> **Try it**: Under this line are records; the part from the line containing "Straight-Leg Logo-Embroidered Distressed" through the line containing "Với công nghệ" should be repeated exactly. Please exclude pictures.

> **Information given**:

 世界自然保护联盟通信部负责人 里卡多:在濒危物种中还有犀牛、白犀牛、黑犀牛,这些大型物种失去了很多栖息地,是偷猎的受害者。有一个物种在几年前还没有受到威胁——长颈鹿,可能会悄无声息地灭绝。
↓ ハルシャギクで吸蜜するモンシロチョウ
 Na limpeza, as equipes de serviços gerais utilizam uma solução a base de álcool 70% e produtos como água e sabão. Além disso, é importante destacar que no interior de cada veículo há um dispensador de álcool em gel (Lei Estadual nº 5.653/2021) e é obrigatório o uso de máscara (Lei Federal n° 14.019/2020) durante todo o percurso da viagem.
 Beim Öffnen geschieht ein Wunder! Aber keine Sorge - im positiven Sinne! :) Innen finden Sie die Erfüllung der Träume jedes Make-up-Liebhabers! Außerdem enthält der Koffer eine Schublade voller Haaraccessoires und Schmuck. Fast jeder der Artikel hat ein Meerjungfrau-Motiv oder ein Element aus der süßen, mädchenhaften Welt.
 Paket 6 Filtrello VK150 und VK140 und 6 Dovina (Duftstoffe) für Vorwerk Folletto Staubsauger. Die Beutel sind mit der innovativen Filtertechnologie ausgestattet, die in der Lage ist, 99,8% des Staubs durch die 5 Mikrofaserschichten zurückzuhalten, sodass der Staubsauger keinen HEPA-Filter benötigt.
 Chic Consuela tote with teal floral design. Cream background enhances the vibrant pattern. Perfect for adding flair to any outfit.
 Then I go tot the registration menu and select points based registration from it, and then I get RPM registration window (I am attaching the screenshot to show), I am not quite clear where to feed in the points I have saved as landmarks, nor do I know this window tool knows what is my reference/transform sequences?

* * *

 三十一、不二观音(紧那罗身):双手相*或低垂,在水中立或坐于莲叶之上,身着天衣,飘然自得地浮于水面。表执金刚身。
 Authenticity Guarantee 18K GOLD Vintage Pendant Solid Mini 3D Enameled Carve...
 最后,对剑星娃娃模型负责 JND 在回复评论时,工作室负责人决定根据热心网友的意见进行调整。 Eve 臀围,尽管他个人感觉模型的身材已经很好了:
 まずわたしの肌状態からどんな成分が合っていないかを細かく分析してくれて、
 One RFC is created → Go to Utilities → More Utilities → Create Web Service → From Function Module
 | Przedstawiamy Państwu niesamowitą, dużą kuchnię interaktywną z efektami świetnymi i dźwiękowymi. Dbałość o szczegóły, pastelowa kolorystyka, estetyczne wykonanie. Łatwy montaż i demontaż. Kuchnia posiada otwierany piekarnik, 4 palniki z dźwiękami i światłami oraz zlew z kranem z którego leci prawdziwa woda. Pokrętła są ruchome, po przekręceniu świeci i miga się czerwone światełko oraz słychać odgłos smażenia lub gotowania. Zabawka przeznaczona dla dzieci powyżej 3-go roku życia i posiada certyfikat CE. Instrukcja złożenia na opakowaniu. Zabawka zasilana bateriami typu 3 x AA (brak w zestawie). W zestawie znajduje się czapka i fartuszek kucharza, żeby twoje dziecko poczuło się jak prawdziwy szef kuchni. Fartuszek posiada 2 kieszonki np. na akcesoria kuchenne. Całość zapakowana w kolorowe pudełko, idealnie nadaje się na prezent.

--

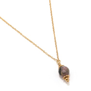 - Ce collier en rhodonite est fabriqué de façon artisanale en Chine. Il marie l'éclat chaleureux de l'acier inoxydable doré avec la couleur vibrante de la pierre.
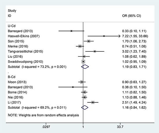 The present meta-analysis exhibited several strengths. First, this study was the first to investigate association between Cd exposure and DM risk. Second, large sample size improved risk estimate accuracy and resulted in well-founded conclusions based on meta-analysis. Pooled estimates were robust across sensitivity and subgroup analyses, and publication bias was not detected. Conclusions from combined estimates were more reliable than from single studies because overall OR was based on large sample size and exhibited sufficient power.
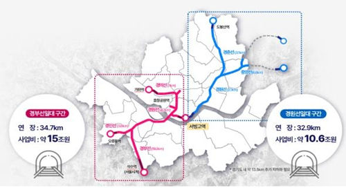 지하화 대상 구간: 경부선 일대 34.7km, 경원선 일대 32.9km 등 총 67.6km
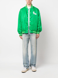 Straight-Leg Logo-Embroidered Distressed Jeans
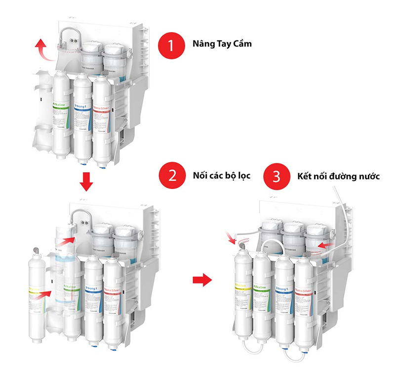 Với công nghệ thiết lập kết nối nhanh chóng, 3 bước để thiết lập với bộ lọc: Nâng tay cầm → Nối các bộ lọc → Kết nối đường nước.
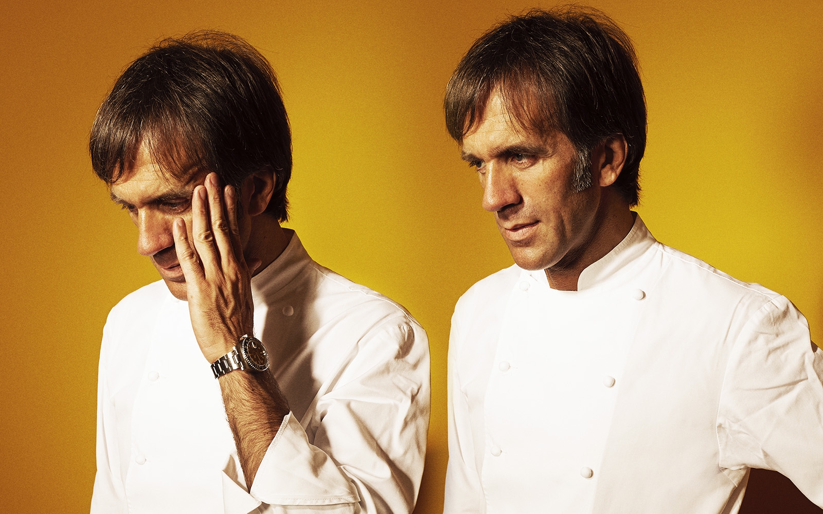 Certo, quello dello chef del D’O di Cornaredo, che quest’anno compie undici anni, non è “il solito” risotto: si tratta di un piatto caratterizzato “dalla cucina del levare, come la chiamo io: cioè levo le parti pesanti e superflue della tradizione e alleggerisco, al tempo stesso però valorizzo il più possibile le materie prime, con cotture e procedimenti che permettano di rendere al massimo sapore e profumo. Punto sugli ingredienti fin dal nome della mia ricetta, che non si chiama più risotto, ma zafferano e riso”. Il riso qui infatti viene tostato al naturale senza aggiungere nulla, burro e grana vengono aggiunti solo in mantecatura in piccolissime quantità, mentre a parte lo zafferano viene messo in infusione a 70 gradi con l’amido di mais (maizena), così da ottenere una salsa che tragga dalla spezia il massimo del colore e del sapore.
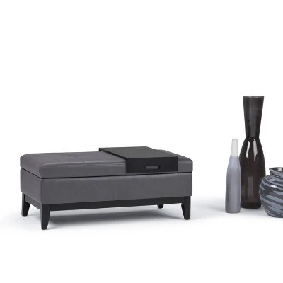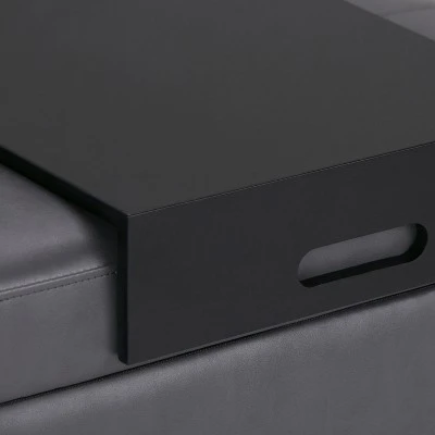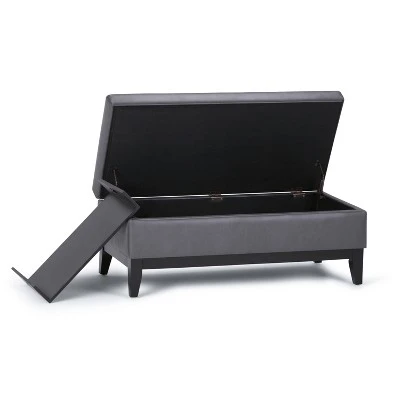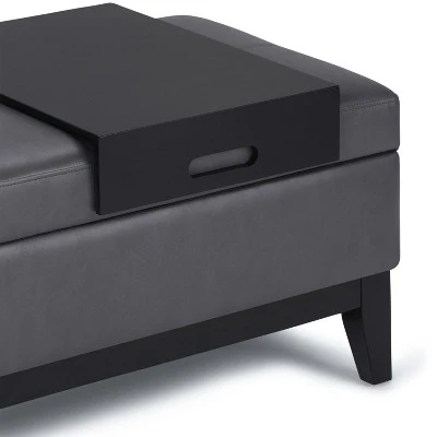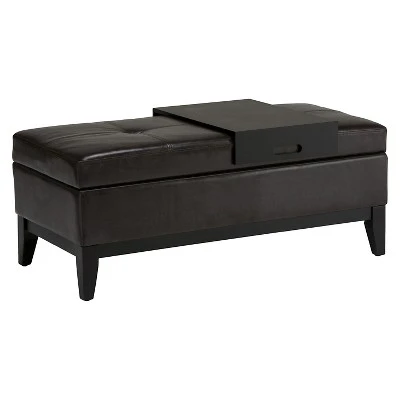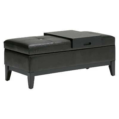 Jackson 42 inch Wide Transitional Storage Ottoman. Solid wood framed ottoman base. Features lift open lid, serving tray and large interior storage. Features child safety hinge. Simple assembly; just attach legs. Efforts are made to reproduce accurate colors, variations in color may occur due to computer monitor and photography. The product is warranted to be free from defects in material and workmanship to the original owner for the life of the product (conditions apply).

> **Output for this exercise**:
 Straight-Leg Logo-Embroidered Distressed Jeans
 Với công nghệ thiết lập kết nối nhanh chóng, 3 bước để thiết lập với bộ lọc: Nâng tay cầm → Nối các bộ lọc → Kết nối đường nước.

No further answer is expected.